Best practice for importing flat files and Excel files.

Question

Best practice for importing flat files and Excel files.

Ells

SSCrazy Eights

Points: 9901
More actions
July 23, 2009 at 2:39 am

#136725

Hope you can all help,
I use SSIS and am looking for a structured best practice for loading in files (both Excel file source and flat files). Currently I use a package that opens the files followed by data conversion and derived column tasks. I am aware that if there are changes to the files that this would ensure the package would fail followed by a lot of hard work to fix it.
What I am looking for is what have people done to get around potential problems. Do they have tables that hold definitions for how to convert the files? Do they use some sort of configuration file to hold file details? Do they use stored procedures as they find this easier to modify?
Many Thanks.
Ells
😎

Viewing 6 posts - 1 through 5 (of 5 total)

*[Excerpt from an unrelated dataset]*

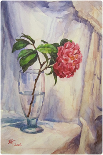 這光景 也令我想起了多年前畫的一朵茶花.....

You must be logged in to reply to this topic. Login to reply

Phil Parkin SSC Guru Points: 246985 More actions · Answer 1

Are you asking for how to automatically deal with structure changes to source files (eg, change in number of fields, max length of fields or data types of fields)?

Or how to be flexible, in the knowledge that these things will change?

The more flexible you want the solution to be, the longer it will take to develop. If your source data isn't changing very often, I would expect it to be uneconomical to try and handle the changes via any method other than updating the package through BIDS.

Not sure quite what sort of answer you are hoping to hear ...

The absence of evidence is not evidence of absence.
Martin Rees

You can lead a horse to water, but a pencil must be lead.
Stan Laurel

Ells SSCrazy Eights Points: 9901 More actions · Answer 2

Phil,

thanks for the reponse. I tried to leave the question as open as possible. I guess I am looking to install some level of robustness, also to make it easy to diagnose issues and correct them.

My first thoughts are to load the flat file into a staging table with default column names (column 0, column 1 etc) and default column sizes (nvarchar(50)). The next stage would be a table with columns for the name of the staging table, name of the column in the staging table, name of the column in the target table , column for if the column is required, column containg the cast required. This linked with a stored procedure.

Just interested to hear some ideas.

Ells.

😎

Alvin Ramard SSC-Forever Points: 41190 More actions · Answer 3

Be careful about trying to develop a package that can handle too many files changes. Such a package might be able to run "successfully" even if the order of the columns get changed by accident. I say "successfully" meaning that it runs without execution errors. Consider what might happen in this case it the package starts loading data into the wrong columns.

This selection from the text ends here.